Узнав об этом, Кучук Улагай проклял ее и обещал отомстить похитителю. Зная, как страшен в гневе брат Фатимы, Куракин сразу после женитьбы на ней переехал на заработанные у Ахмет-бея деньги как можно дальше от него, в Чили. Он надеялся, что уж здесь-то, на краю земли, он точно их никогда не найдет.

Будучи инженером по специальности, Куракин в этой стране оказался весьма востребованным и устроился на новом месте весьма неплохо. Тогда он и не думал, что ему снова придется встретиться с Кучук Улагаем.

В июне 1945 г. последнему, благодаря имевшемуся у него албанскому гражданству, буквально чудом удалось остаться в живых. Его, являвшегося на тот момент одним из виднейших офицеров северокавказских горских формирований, сражавшихся за нацистов, требовали выдачи представители советского командования.

Произошло это при следующих обстоятельствах: после сдачи в плен англичанам он очутился в лагере в австрийском городе Лиенц, получившим мировую известность за массовую выдачу союзниками воевавших против Советской армии горцев и казаков коммунистам.

Мало кто спасся из этого ада, и Кучук Улагай уже считал себя погибшим. Некоторых, особенно отличившихся в борьбе против Советской власти, в том числе и его самого – ожидало повешение или расстрел. В лучшем случае – долгие годы лагерей. Дело в том, что имя этого человека, бывшего командира знаменитой Черкесской конной дивизии у белых, было слишком хорошо известно коммунистам, чтобы надеяться на пощаду.

Своим спасением Кучук Улагай был обязан своей жене, которая, узнав о его задержании, бросилась к союзникам, хотя ей, как супруге «видного коллаборациониста», также угрожал арест. Она показала албанский паспорт мужа английскому коменданту. Когда англичане уже передавали несчастных СМЕРШу, он приказал вывести Кучук Улагая из толпы «предателей».

Разумеется, возмущению коммунистов, из лап которых ускользала такая добыча, не было предела. Чтобы успокоить их, англичане заверили советскую сторону, что он им нужен для собственного расследования. Они заперли его тут же в подвале, инсценировав новое «задержание». А наверху, над головой Кучук Улагая, согласно его воспоминаниям, якобы в это время грохотали сапоги и слышались выстрелы – кое-кого из выданных союзниками коммунисты, с кем у них были особые счеты, убивали прямо на месте.

Однако советские спецслужбы продолжили охоту на Кучук Улагая, и ему надо было срочно затаиться. Узнав о бедственном положении своего шурина, Куракин вышел на него и предложил ему «мир» и помощь.

Как оказалось, годы и ситуация сделали свое дело, и некогда грозный черкес принял эти предложения. Тем более что денег у него на дорогу до Чили не было, и Куракин оплатил билеты для него и его жены.

Там у них началась новая жизнь, и он успешно устроился здесь на военную службу.
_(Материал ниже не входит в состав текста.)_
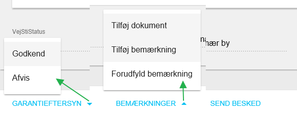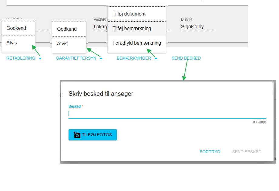 Du kan nu henholdsvis behandle retableringen, garantieftersynet, tilføje et dokument (herunder et billede), en bemærkning, skrive en såkaldt forudfyldt bemærkning, (en slags note der vil dukke op som forslag til teksten næste gang du skal godkende eller afvise sagen), eller sende en besked, som vist ovenfor.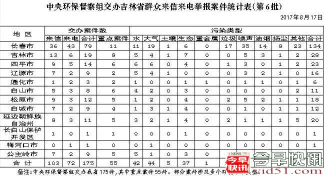 8月17日15时,我省接到中央环保督察组交办的第六批案件,共计175件。其中,重点案件55件。长春市79件(重点案件11件)、吉林市19件(重点案件8件)、四平市14件(重点案件6件)、辽源市9件(重点案件2件)、通化市3件(重点案件2件)、白山市8件(重点案件6件)、松原市12件(重点案件5件)、白城市9件(重点案件4件)、延边州11件(重点案件5件)、长白山保护开发区1件(重点案件1件)、梅河口市1件、公主岭市9件(重点案件5件)。

Этот выдающийся офицер скончался в Сантьяго от тропической болезни 8 апреля 1953 г.[820]

Еще одним «русским чилийцем» стал племянник донского казачьего атамана П.Н. Краснова Мигель Краснов, поступивший на военную службу этого государства в 1950-е гг. и принявший активное участие в перевороте генерала Аугусто Пиночета против «левого» президента Сальвадора Альенде.

При нем он стал руководителем одной из чилийских спецслужб в чине бригадного генерала. Занимая эту должность, Мигель Краснов беспощадно боролся против коммунистов и всех левых, перешедших к подпольной и партизанской борьбе против военной диктатуры. Их жертвы, по разным данным, доходили до пяти тысяч человек убитыми. Эти действия объяснялись стремлением «спасти Чили и весь континент от ужасов коммунизма».
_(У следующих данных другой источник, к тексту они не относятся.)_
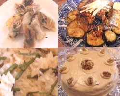 | 2014年8月 夏祭りのバラ寿司・カボチャのマヨネーズ焼き・三つ葉と豆腐のお吸い物・イチジクのタルト ![]() |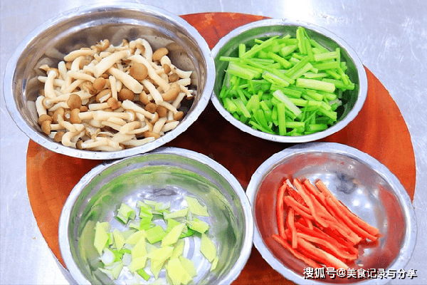 准备一把新鲜的蟹味菇,去除根部,放入清水中多抓洗两遍。把比较大的芹菜从中间划开,切成段,洗干净备用。准备半根红椒,切成丝用来配色。切点葱花、姜片备用。

После демонтажа режима Пиночета Мигель Краснов подвергается преследованиям со стороны новых властей, в том числе и проникших туда социалистов (за причастность «к гибели и исчезновению трех тысяч человек») и был осужден к продолжительным срокам тюремного заключения.
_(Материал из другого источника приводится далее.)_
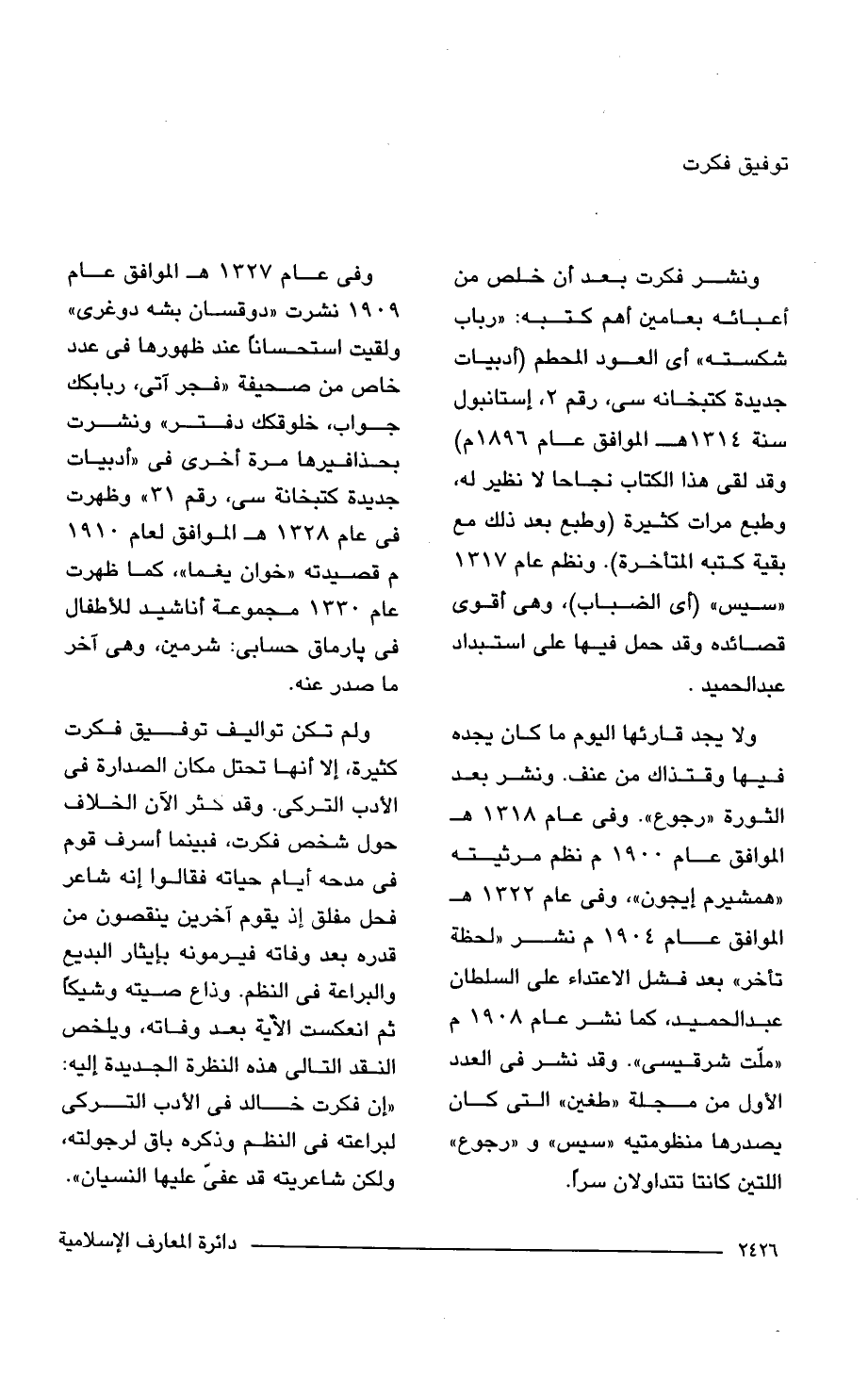 ولم تكن تواليف توفيق فكرت كثيرة، إلا أنها تحتل مكان الصدارة في الأدب التركى. وقد كثر الآن الخلاف حول شخص فكرت، فبينما أسرف قوم في مدحه أيام حياته فقالوا إنه شاعر فحل مفلق إذ يقوم آخرين ينقصون من قدره بعد وفاته فيرمونه بإيثار البديع والبراعة في النظم. وذاع صيته وشيكًا ثم انعكست الآية بعد وفاته، ويلخص النقد التالي هذه النظرة الجديدة إليه: "إن فكرت خالد في الأدب التركى لبراعته في النظم وذكره باق لرجولته، ولكن شاعريته قد عفيّ عليها النسيان".

Примечательно, что он отказался бежать за рубеж, как ему предлагали власти некоторых стран, обещая предоставить политическое убежище, и остался со своим престарелым начальником, решив разделить с ним его долю.

Другой причиной такого поступка было, по данным «местных источников», осознание того, что он «ни в чем не виноват перед народом Чили» и что его деяния были лишь проявлением «благородной борьбы против леваков, разжигавших гражданскую войну».